In my many years of interviewing sysadmin candidates, the most important qualification, and the hardest to explain in terms that make sense to HR, has been “do they think right?”. The core of it, I think, is the attitude with which they approach diagnosing and solving problems.

Behavioral interviewing techniques can produce some useful information about problems they’ve dealt with in the past, but not so much on how they really got from X to Y. HR gets very nervous if you do anything that even looks like a direct test of an applicant’s abilities, so the best approach I’ve found is to swap problem-solving stories and pay close attention not only to the ones they choose to tell, but to the things they say about mine.

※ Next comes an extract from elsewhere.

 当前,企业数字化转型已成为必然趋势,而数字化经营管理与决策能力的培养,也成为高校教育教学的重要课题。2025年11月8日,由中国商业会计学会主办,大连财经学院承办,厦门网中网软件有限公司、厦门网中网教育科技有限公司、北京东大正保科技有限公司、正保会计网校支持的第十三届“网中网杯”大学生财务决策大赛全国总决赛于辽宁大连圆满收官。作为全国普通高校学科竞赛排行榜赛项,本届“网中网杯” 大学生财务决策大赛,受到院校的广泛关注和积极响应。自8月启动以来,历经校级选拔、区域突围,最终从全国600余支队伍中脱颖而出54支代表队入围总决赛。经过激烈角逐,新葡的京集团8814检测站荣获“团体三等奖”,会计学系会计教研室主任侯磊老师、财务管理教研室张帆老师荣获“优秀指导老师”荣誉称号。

I don’t care what, if any, degree you’ve got. I don’t care who you’ve worked for, who you know, what certification programs you’ve completed, or how precisely your last job matched our current requirements. If you think right, and you’re not a complete idiot, I can work with you.

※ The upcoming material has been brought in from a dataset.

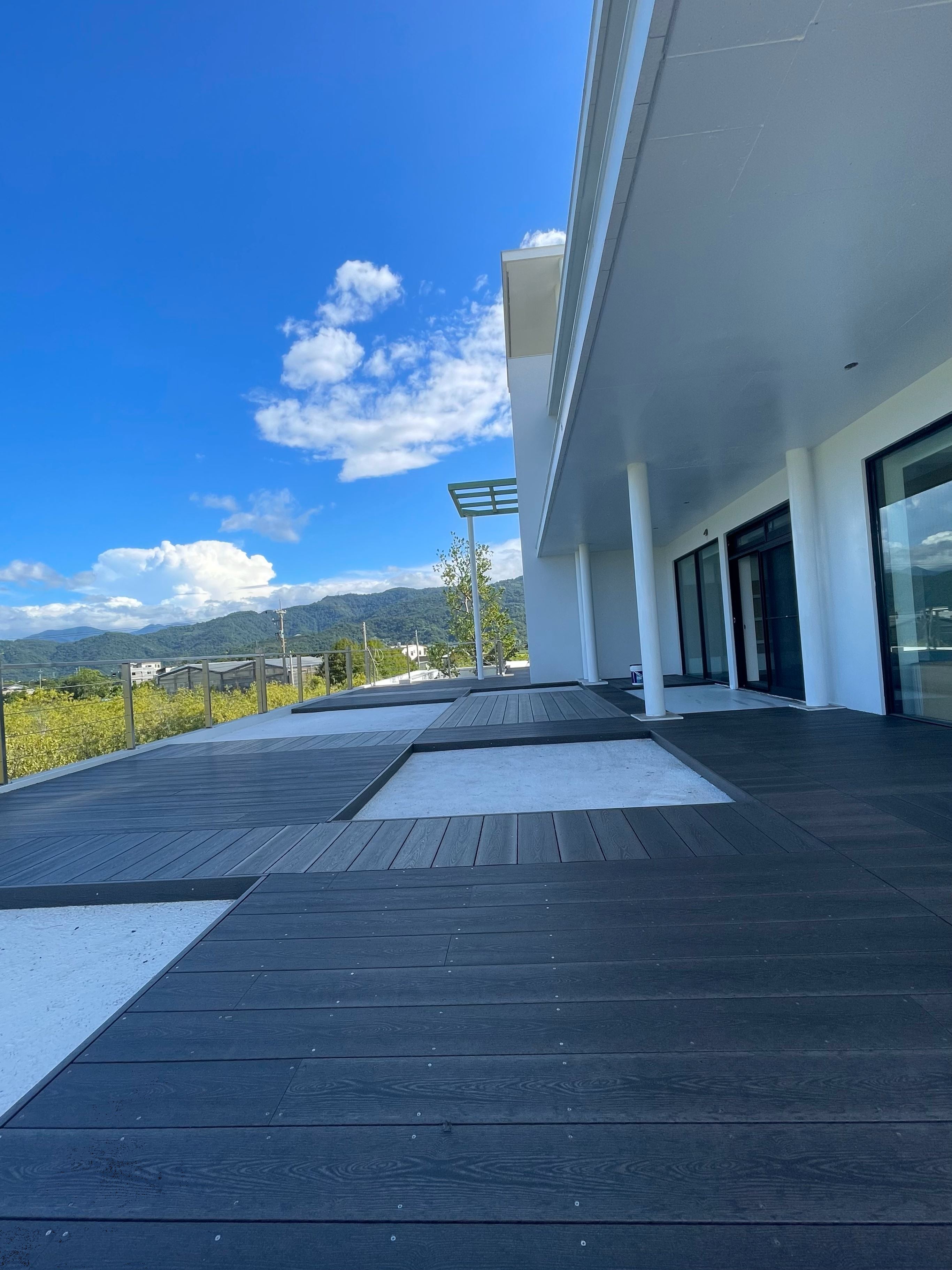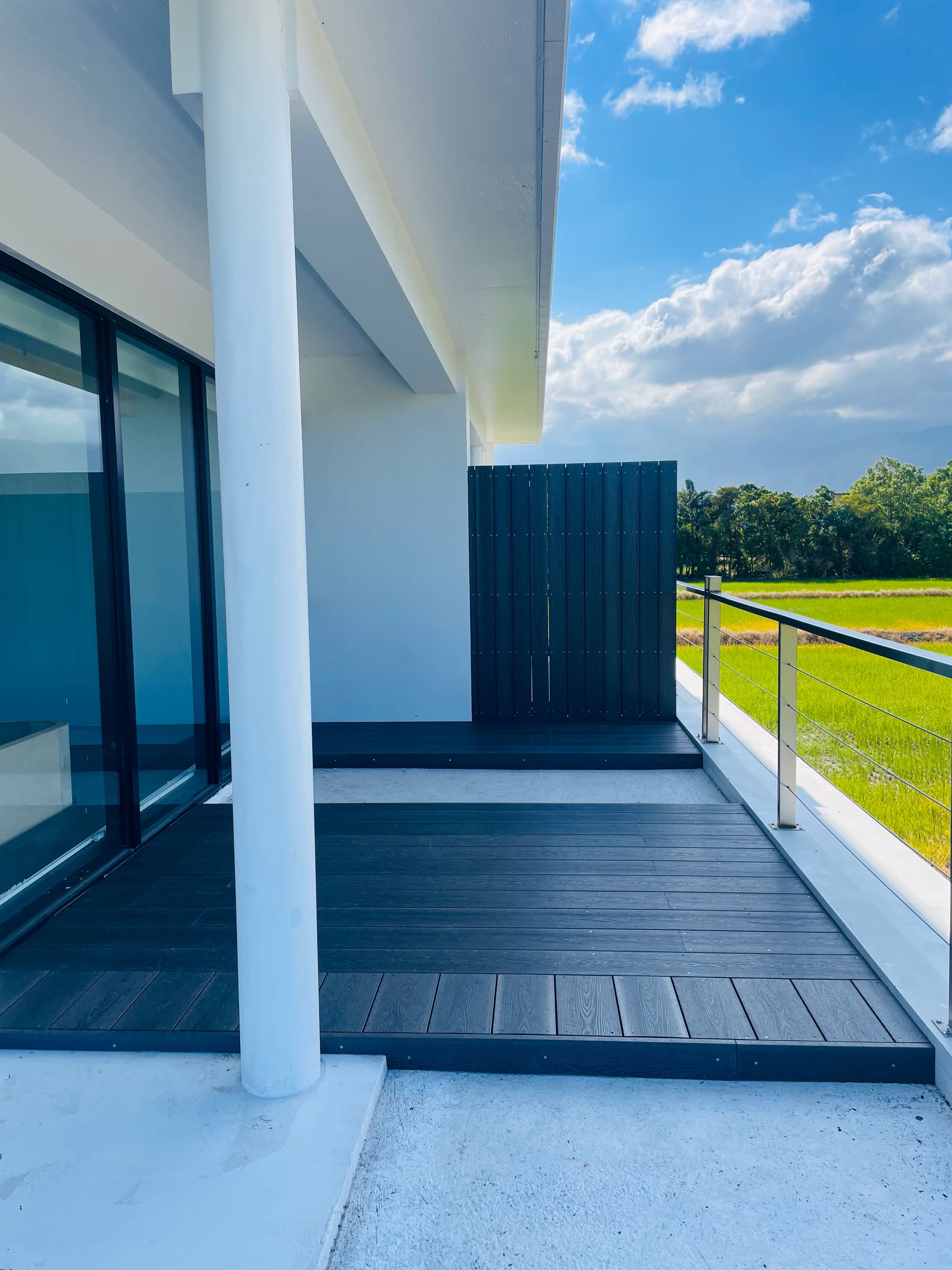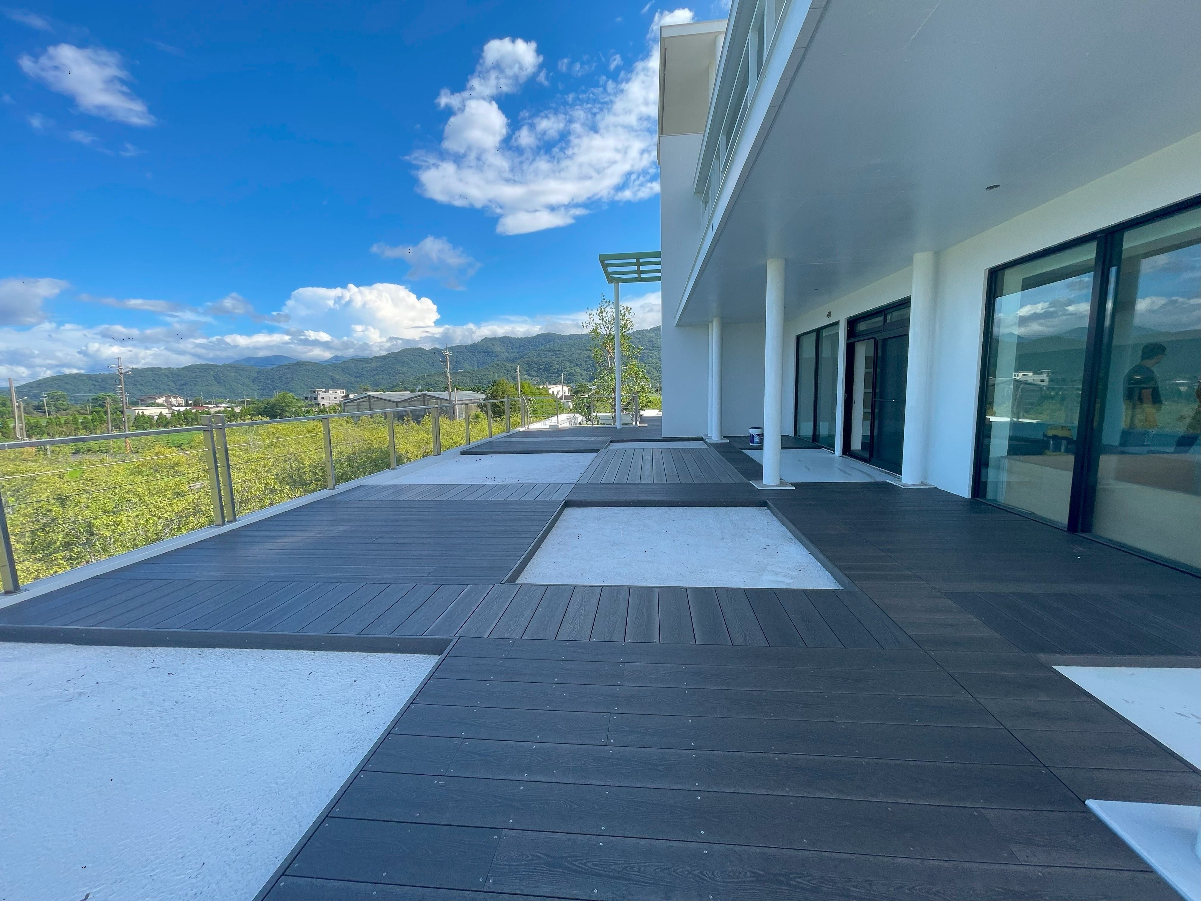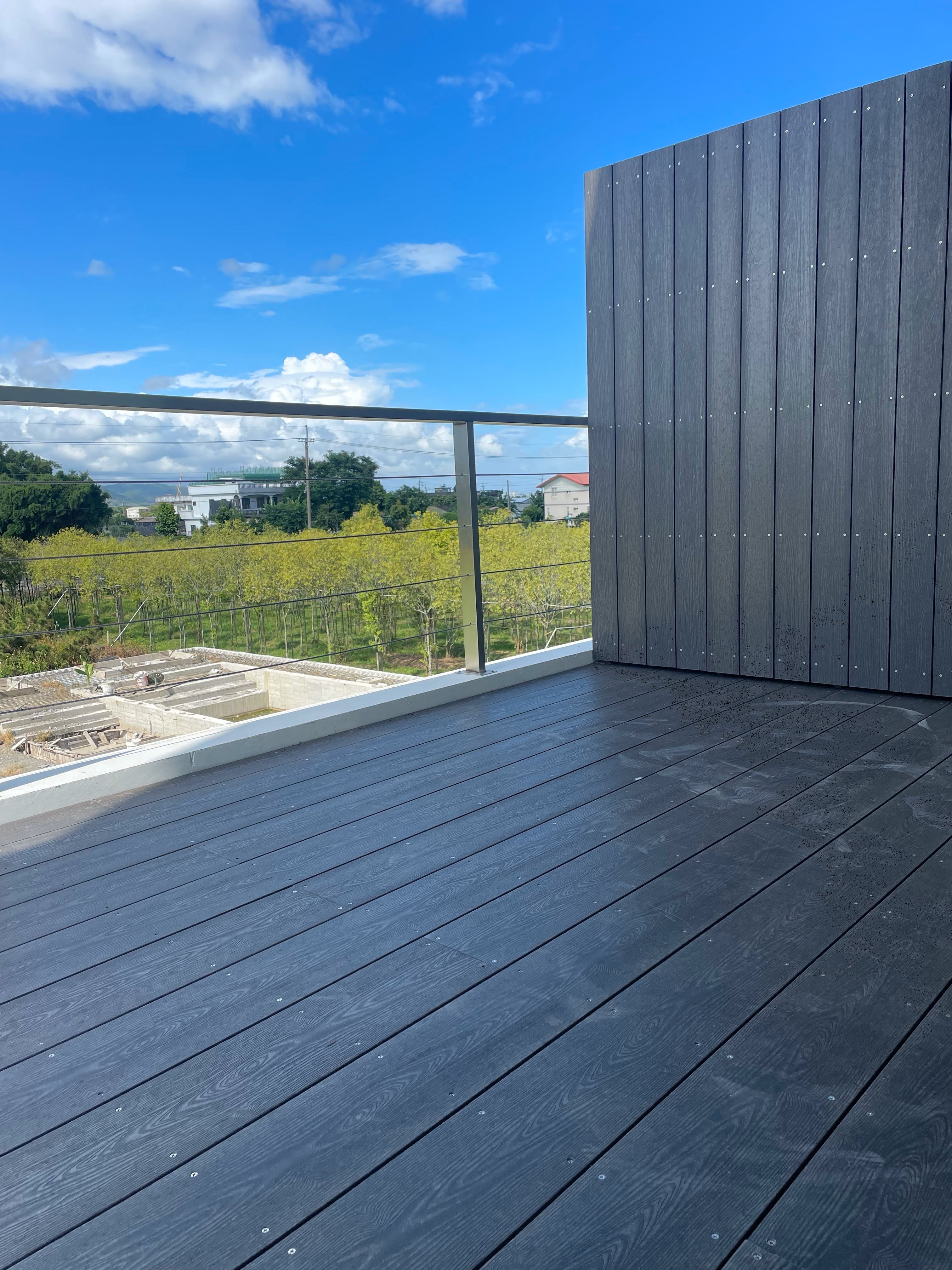 ✨ 露台採用 #鐵木色系 寬版押紋板,增添質感層次;

The two people who’ve been hired to replace the five of us are not complete idiots. One of them shows signs of thinking right.

"Configured Maximum Connection Time Exceeded"


I was working from home yesterday, and connecting to the office via VPN. In the past, this hasn’t been a big deal. This time, just as I was getting set up to start Something Important, the connection went down. Deliberately.

Secure VPN Connection terminated by Peer.
Reason 430: Configured Maximum Connection Time Exceeded.

Connection terminated on Sep 28, 2006 18:28:40   Duration: 0 day(s), 08:00.12

Good thing they bought a new VPN server to replace this one. Oh, wait; the new one’s still in beta, has been for months, and recently stopped working. Feh.

Pedestrian On Pavement


I got a ticket yesterday. More precisely, I got a fake ticket yesterday, because it was the only way for the cops to get the crazy angry person to shut up and go away.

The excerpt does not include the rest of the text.